Workflows are much easier to create than VBA, and they're also more powerful. They can be created and modified using natural language, and unlike traditional VBA, where a single cell error can crash the entire system, they operate much more flexibly. He emphasized, "Users are experiencing everything from simple financial data organization to complex auditing tasks, all with the click of a button."

The value of repeatable execution lies not only in speed but also in consistency. For accounting tasks, accurate and consistent results are crucial. Manual or LLM-based workflows cannot guarantee this consistency. However, code-based workflows always execute the same code, so if properly configured, they guarantee consistent results.

Even major models like MS Copilot and Claude are enhancing their Excel support. However, CEO Jeong emphasizes that the focus isn't on the number of features, but on how the results are preserved and structurally accumulated.

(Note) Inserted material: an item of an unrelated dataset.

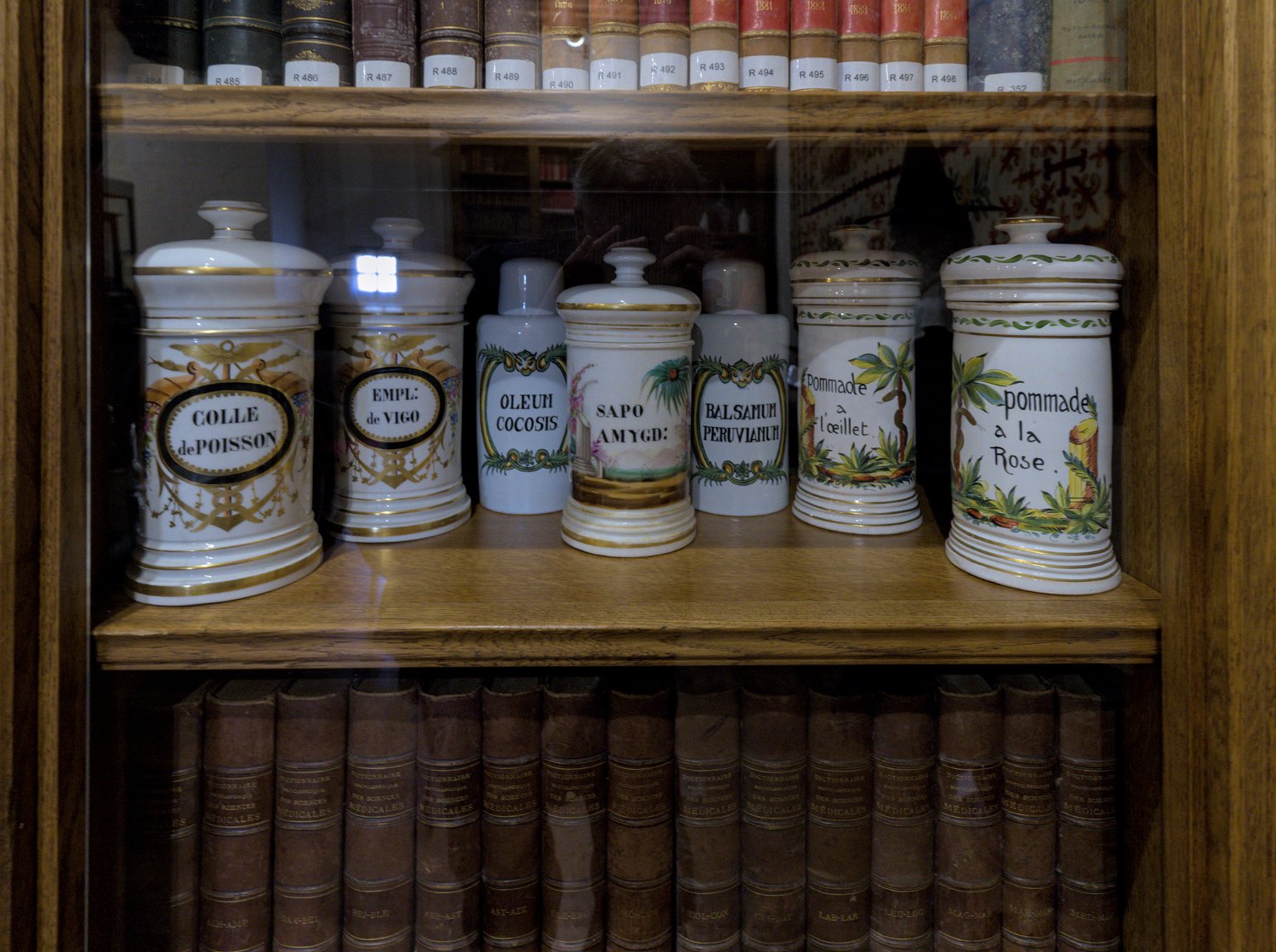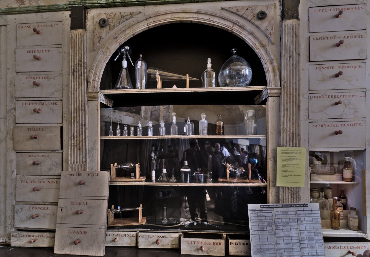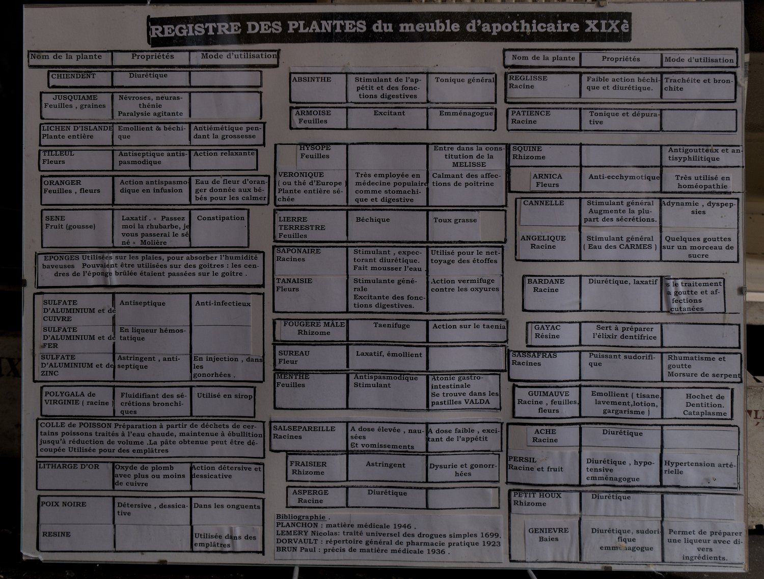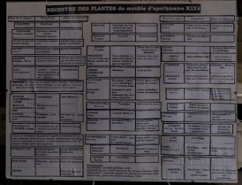 Détail des plantes hénergées dans le meuble d'apothicaire

Integration follows the same principle. Instead of relying on traditional methods, where users understand the API and configure detailed settings through a UI, agents should understand natural language requests and perform the necessary integration. Users don't need to know the technical details of the integration; they simply need to state their request: "Fetch the necessary data and settle the account."

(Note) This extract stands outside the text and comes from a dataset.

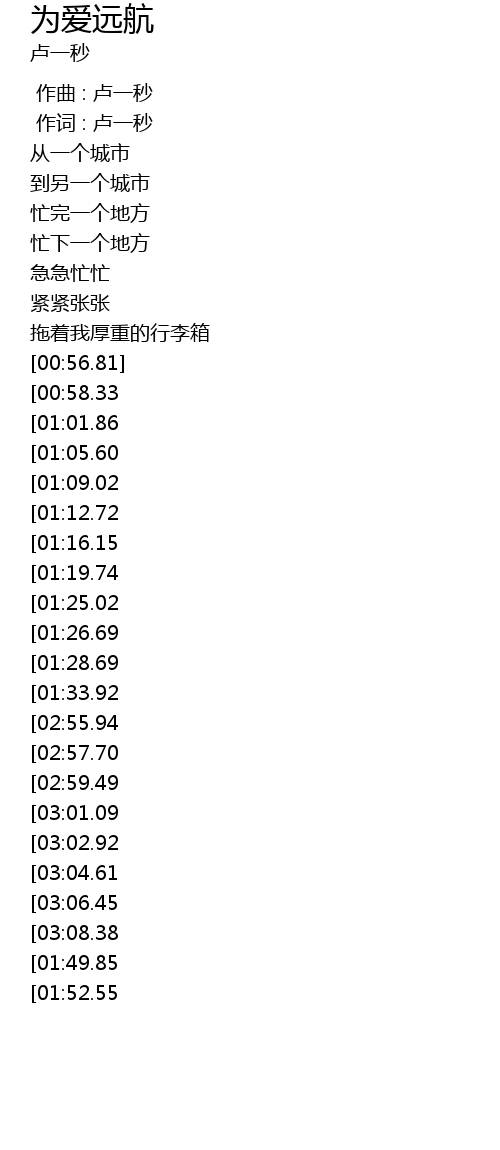 | [03:18.88][03:02.92][01:41.80] | 为爱远航 |

More than half of the early testers moved beyond simple experiments and immediately transitioned to real-world automation. The biggest appeal of Greedy to practitioners is that they can start working the same way they're doing now. While many tools require installation, setup, and migration during the initial implementation process, Greedy allows users to simply upload their existing files and continue working on them.

Team plans, in particular, are expected to generate synergy effects because they share work outcomes and workflows. Because tasks performed once by someone are preserved as execution logic and can be reused, the more often they are repeated, the more valuable they become to the entire team. Individual experiences naturally translate into team standards, allowing organizations to leverage AI based on common principles without relying on the capabilities of specific individuals.

The future envisioned by CEO Jeong Min-gyu is clear.

"Simple data processing tasks will virtually disappear. The biggest difference between humans and AI is ultimately will. AI can calculate and organize, but it can't decide what to choose or in what direction to move. Human workers without willpower are increasingly likely to be excluded from their jobs."

Soon, we may find ourselves staring at the Excel UI less and less. The central screen might be a single table encapsulating all insights, or a single-line summary in natural language. Humans will have to make decisions based on data organized by AI.

In the short term, it's crucial to establish a product that's reliably used in the field. Currently, it's integrated with Gmail, Google Drive, Analytics, payment systems like Stripe, and the corporate expense management platform Spendit. Going forward, we plan to expand integrations with various SaaS (Software as a Service) platforms, including commerce, accounting, and internal databases, ensuring business data operates seamlessly within a single execution context.

In the long term, KernelSpace aims to move beyond spreadsheets and connect databases and dashboards, creating an environment where data is accumulated, insights are shared, and execution logic remains an asset. Ultimately, KernelSpace's mid- to long-term goal is to evolve beyond tools providing individual functions into a business execution infrastructure that reliably enables AI to perform corporate tasks.

"Ultimately, future competitiveness doesn't depend on the ability to handle more work, but on the power to set a clear direction with determination and then push through to execution. 'Greedy' aims to be a tool that helps users with such determination move one step ahead into the future work environment."

Leaving behind the success of Naver Clova Note, the developer's tenacity as he jumped back into the rough startup world is drawing attention to how it will change the way all practitioners who "wrestle" with Excel work.